C ++对带有unsigned int的重载函数的模糊调用

Question

This seems inconsistent. I have 3 functions f overloaded for signed types short , int and long long . If you pass an unsigned short then it gets promoted to the next biggest signed type int . However if you pass unsigned int then it doesn't get promoted to signed long long which is what I would expect, rather compiler complains about ambiguous call to overloaded function.

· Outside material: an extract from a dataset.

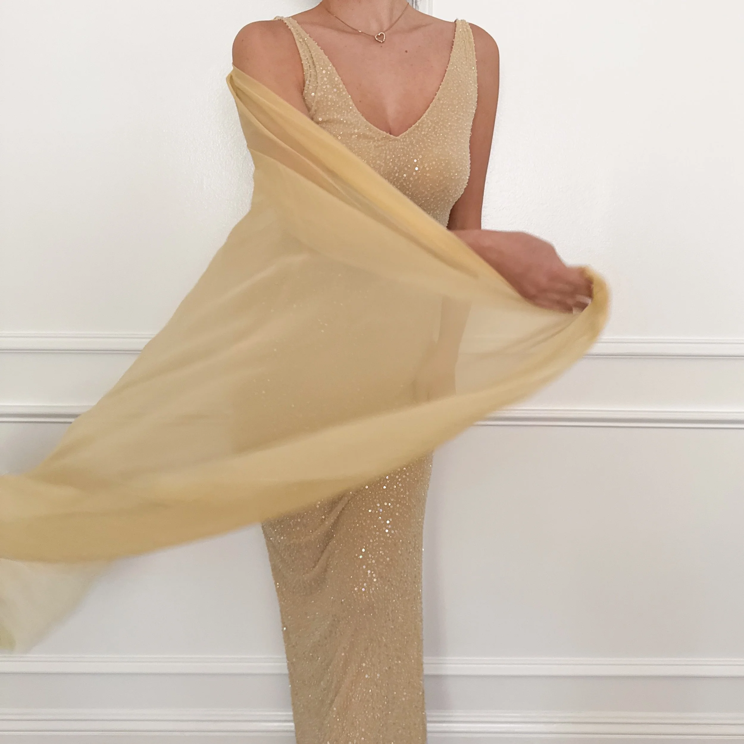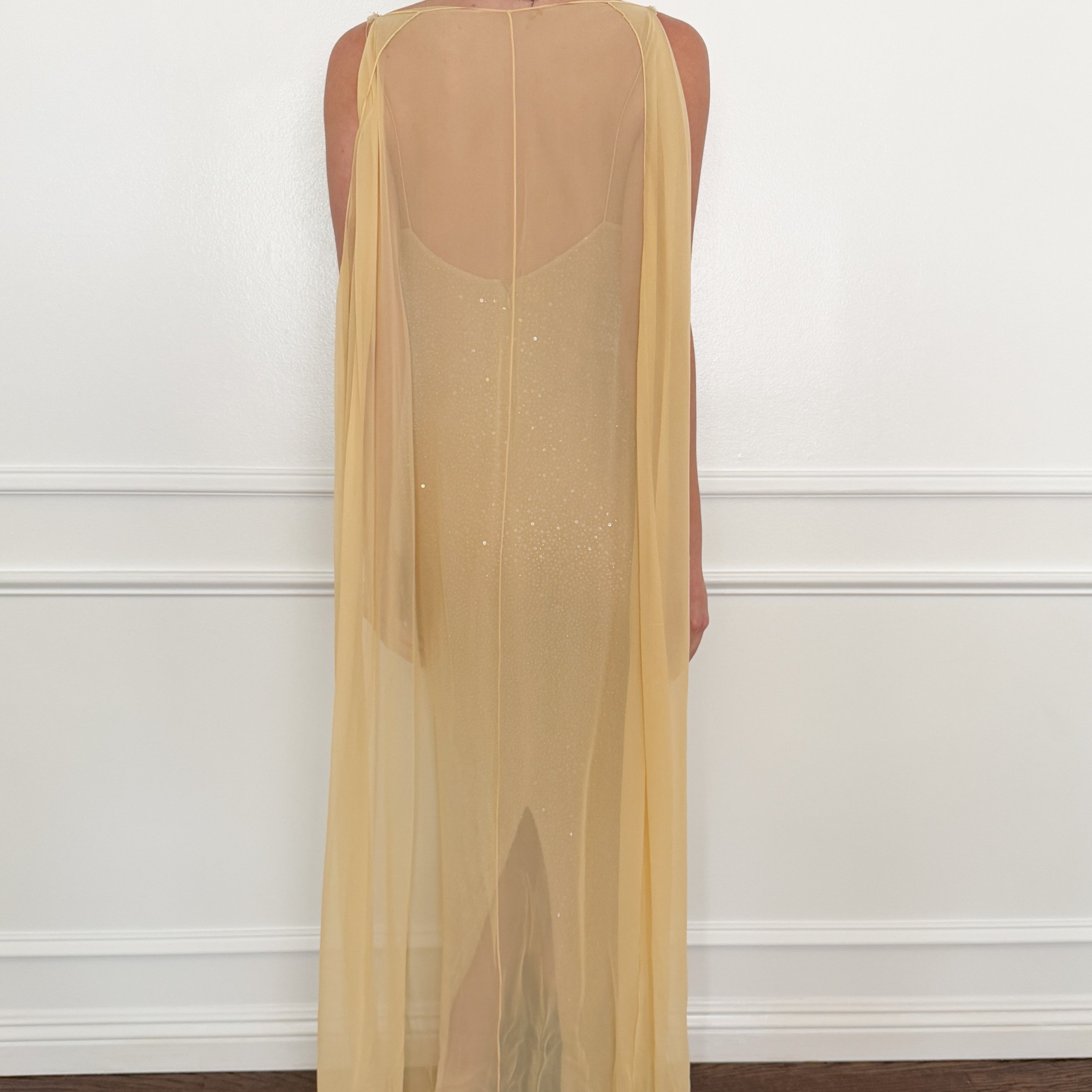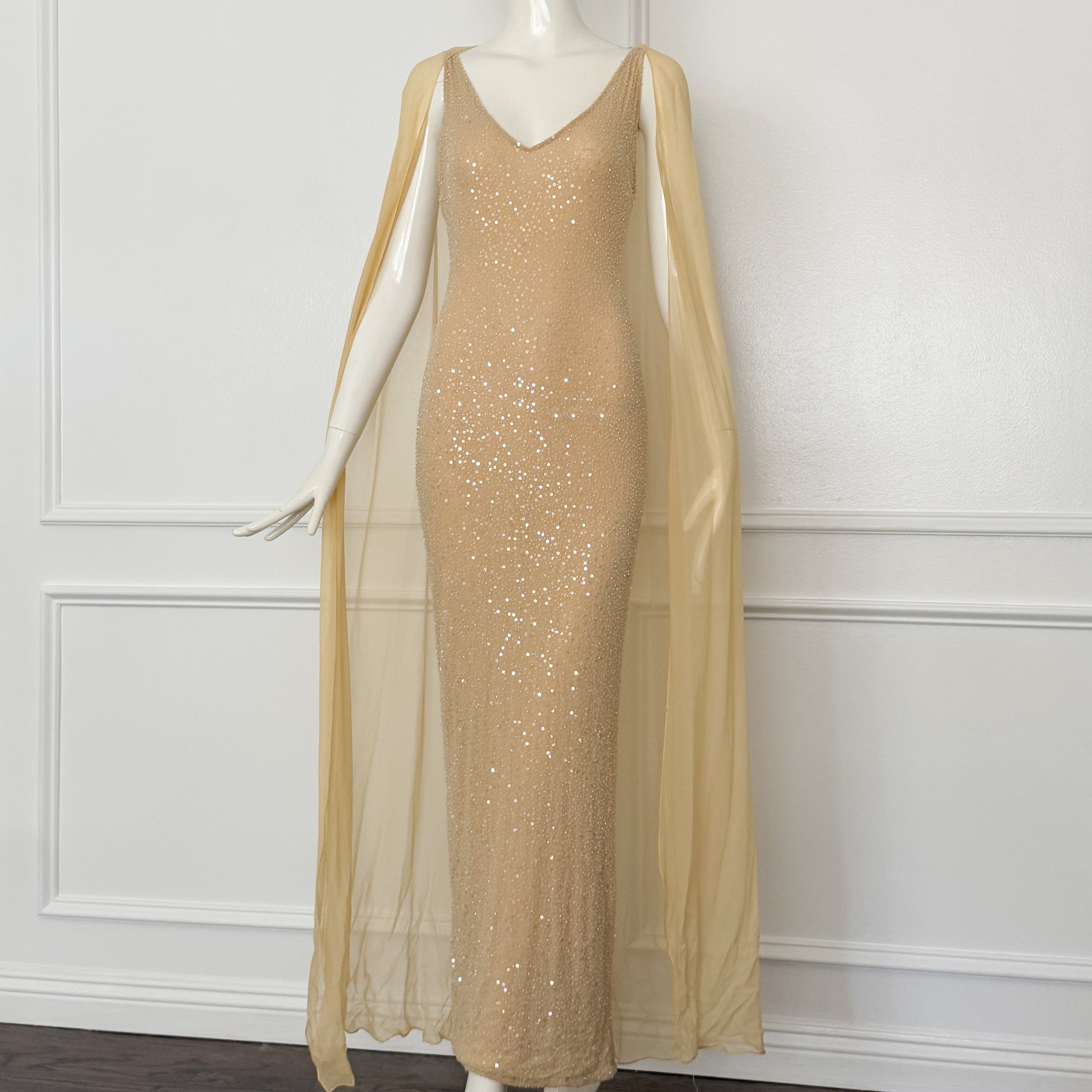 Halston 100% Silk Luxurious Beaded Semi-Sheer Caped Gown (S-M)

void f(short x) { std::printf("f(short)\n"); }
void f(int x) { std::printf("f(int)\n"); }
void f(long long x) { std::printf("f(long long)\n"); }

int main()
{
    f((unsigned short)0); // Fine: calls f(int)
    // f((unsigned int)0); // Ambiguous: could be f(short), f(int) or f(long long) 
}

Answer 1

It is inconsistent, yes, but it is The Way The Language Is, and you have to cope, eg if you want f((unsigned int)0) to call the long long overload, then provide a wrapper,

inline void f(unsigned int x) { f((long long)x); }

The designers of C++ would have ideally liked to make both of your cases fail overload resolution. But there was this legacy thing (dating all the way back to "K&R" C), called "default argument promotion", that, essentially, says the compiler will implicitly convert all integer types narrower than int to int if necessary to match a function signature, and all floating point types narrower than double to double ditto.

So it's the f((unsigned short)0) case that is the odd man out, really.

Answer 2

http://en.cppreference.com/w/cpp/language/implicit_conversion

Integral promotion does not get you from unsigned int to long long .

Integral promotion does get you from unsigned short to int .

Integral conversion from unsigned int is considered equally good for your overloads.

Promotion ends at int and/or unsigned int unless your source type is an enum that requires a larger integral type to fit it.

Promotion is preferred to conversion, so your first case is unambiguous. In the second case, there is no promotion path, so your code is ambiguous.